Irgendwo in dem Straßenlabyrinth vor ihnen erklang ein tiefes, seltsam seelenloses Heulen.

»Was ist das?«, fragte Bevier und umklammerte den langen Schaft seiner Lochaberaxt.

»Vielleicht der Wind«, antwortete Tynian nicht sehr überzeugend.

»Es weht überhaupt kein Wind!«

»Ich weiß. Aber ich möchte lieber glauben, dass es der Wind ist. Die anderen Erklärungen gefallen mir alle nicht.«

Talen kehrte auf fast lautlosen Sohlen zurück. »Eine Patrouille kommt«, meldete er und blieb außer Reichweite. »Könnt Ihr Euch vorstellen, dass sie Fackeln tragen? Sie wollen überhaupt niemand finden, sondern sichergehen, dass sie es nicht tun.«

»Wie viele sind es?«, fragte Ulath.

»Etwa ein Dutzend.«

»Die paar sind kein großes Problem.«

»Wie wär’s, wenn Ihr einfach dieser Seitengasse zur nächsten Straße folgt. Dann sind sie überhaupt kein Problem, weil Ihr sie gar nicht seht.« Der Junge schoss in eine Gasse und verschwand erneut.

»Ich glaube, wenn wir das nächste Mal einen Führer wählen, stimme ich für ihn«, murmelte Ulath.
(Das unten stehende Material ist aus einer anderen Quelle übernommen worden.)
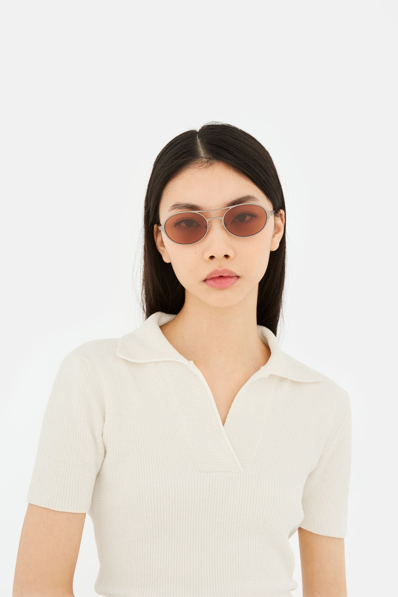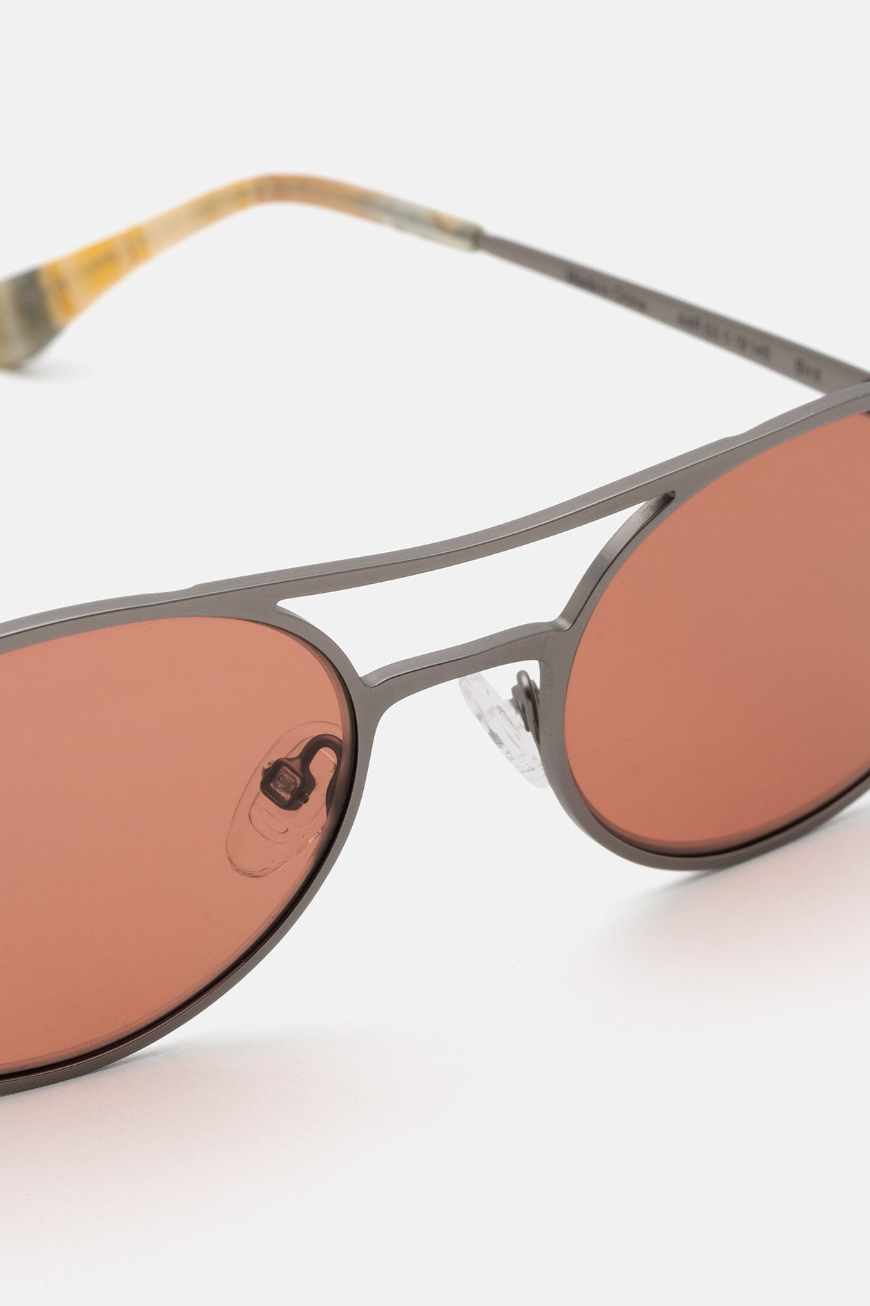 High grade metal milled from compressed multi-sheet with a gun-metal galvanic. Mounting playful blue mineral tempered glass lenses in base 2. Adjustable acetate temple tips for extra comfort and fit. Premium eyewear designed in Milano, Italy.
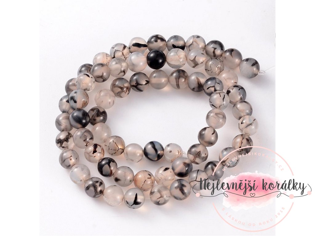 Přírodní korálky z minerálu achát, částečně průhledné s černým žíháním, po kterém dostal své jméno.
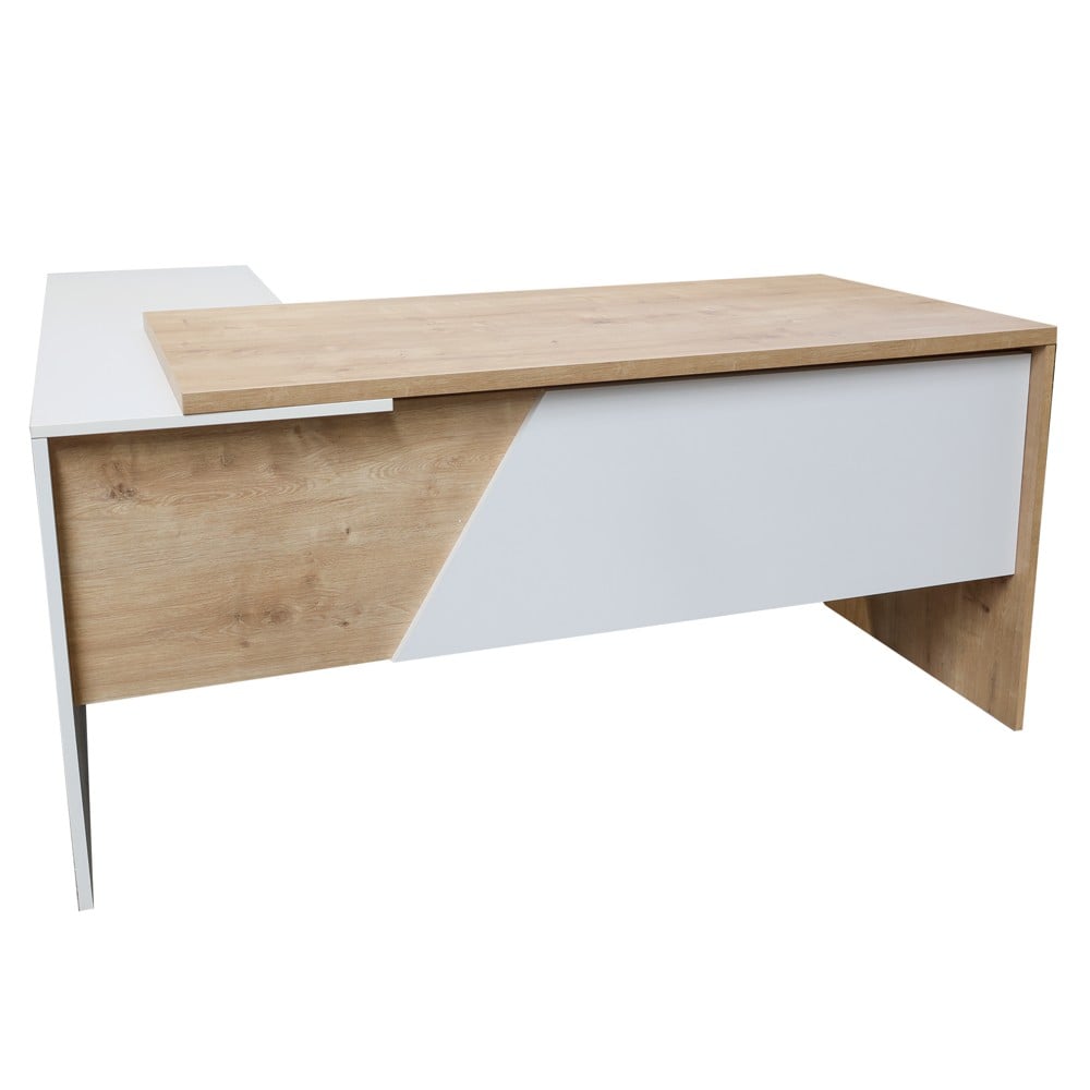 Tavolinë zyre, Edussa, melaminë, e bardhë/lisi, 160x150x75 cm
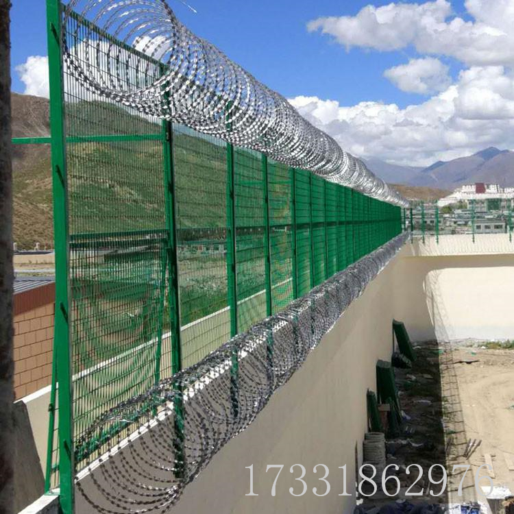 监狱、看守所巡逻道隔离网上部安装刀刺滚笼,刀刺滚笼具有吓阻、防触碰、防翻越等效果,材质坚硬、高强度、高张力、造型独特、不易触摸,因而能达到极好的防护隔离效果。巡逻道隔离网一般高度采用2米/2.5米/3米等
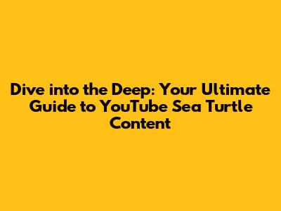 Dive Into The Deep: Your Ultimate Guide To YouTube Sea Turtle Content
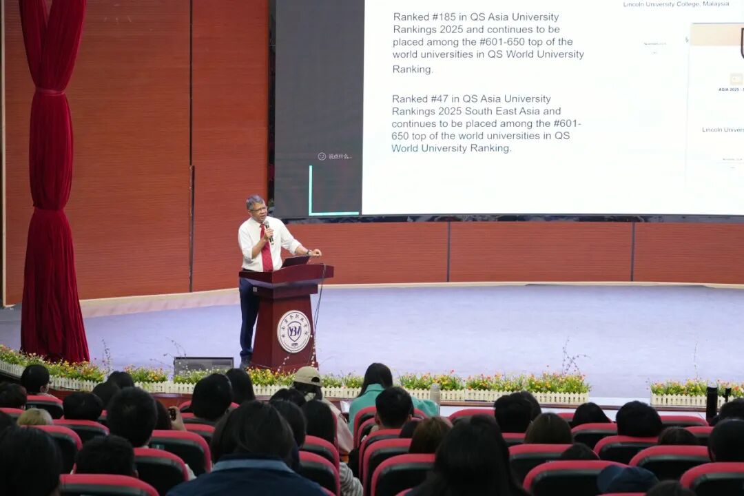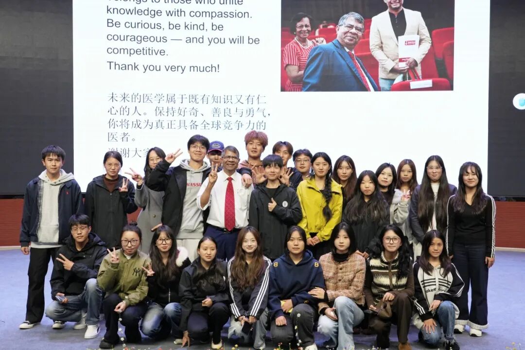 随后,Amiya校长为我校学生带来了一场以“如何成为具有全球竞争力的新一代医学生”为主题的精彩讲座。讲座以“梦想”为切入点,迅速拉近了与学生的距离,引发了广泛共鸣。结合自身多年国际教育管理经验,Amiya校长为学生描绘了一幅清晰的成长路径图。他指出,梦想是一切成就的起点,医学生更是将守护人类健康的个人理想融入职业使命的伟大实践。在全球化不断深入的今天,新一代医学人才不仅需要具备扎实的专业功底和持续学习的能力,还应拥有卓越的跨文化沟通能力、开阔的国际视野以及勇于创新的思维品质。
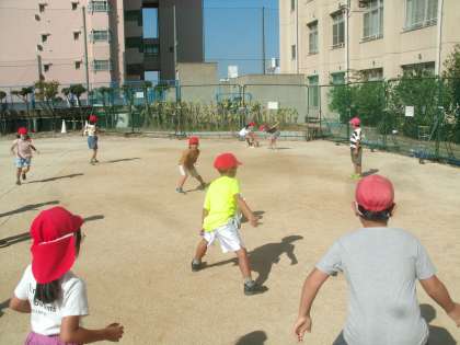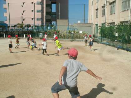 「良い子のドッジボールコート」で仲良く遊んでいます。
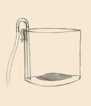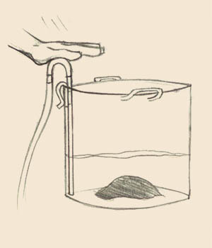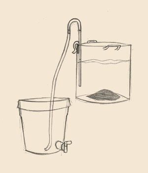 | 4. Com seu fermentador posicionado abaixo do nível da panela libere o polegar da mangueira abaixo do nível do líquido. A gravidade irá fazer a água do tubo puxar o mosto. Colete esta água e os primeiros 100 ml em um recipiente a parte e descarte. Despois deixe a mangueira encostada no fundo do fermentador.
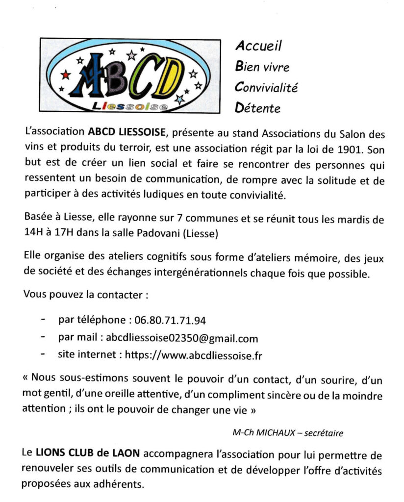 Ci contre : l’article présentant l’association abcdliessoise, paru dans le dépliant distribué aux 2000 visiteurs du salon des vins, organisé le samedi 14 et dimanche 15 mars 2026 au boulodrome de Laon

Sie gingen durch die schmalen, verschlungenen Straßen. Da Talen kundschaftete, konnten sie den vereinzelten zemochischen Patrouillen mühelos aus dem Weg gehen. Als sie sich der Stadtmitte näherten, gelangten sie zu einem Viertel, in dem die Häuser vornehmer und die Straßen breiter waren. Talen kehrte das nächste Mal mit abfälliger Miene zurück, wie ein zuckender Blitz verriet. »Ein Stück voraus ist wieder eine Streife«, berichtete er, »das Problem ist nur, dass sie nicht patrouilliert. Es sieht ganz so aus, als wären die Soldaten in eine Weinhandlung eingebrochen. Jedenfalls sitzen sie mitten auf der Straße und saufen.«

Ulath zuckte mit den Schultern. »Dann machen wir eben durch die Nebenstraßen einen Bogen um sie.«

»Geht leider nicht«, entgegnete Talen. »Diese Straße hat keine Seitengassen. Ich habe keine Möglichkeit gefunden, sie zu umgehen. Soweit ich das feststellen konnte, ist diese Straße die einzige in diesem Stadtteil, die zum Palast führt. Die Stadt ist überhaupt seltsam angelegt. Offenbar führt keine einzige Straße dorthin, wohin sie führen soll.«

»Und mit wie vielen Trinkern haben wir es zu tun?«, fragte Bevier.

»Fünf oder sechs.«

»Haben sie Fackeln?«

Talen nickte. »Sie sind unmittelbar hinter der nächsten Biegung.«

»Wenn ihnen die Fackeln in die Augen leuchten, werden sie in der Dunkelheit nicht viel sehen.« Bevier spannte die Muskeln und schwang andeutungsweise die Axt.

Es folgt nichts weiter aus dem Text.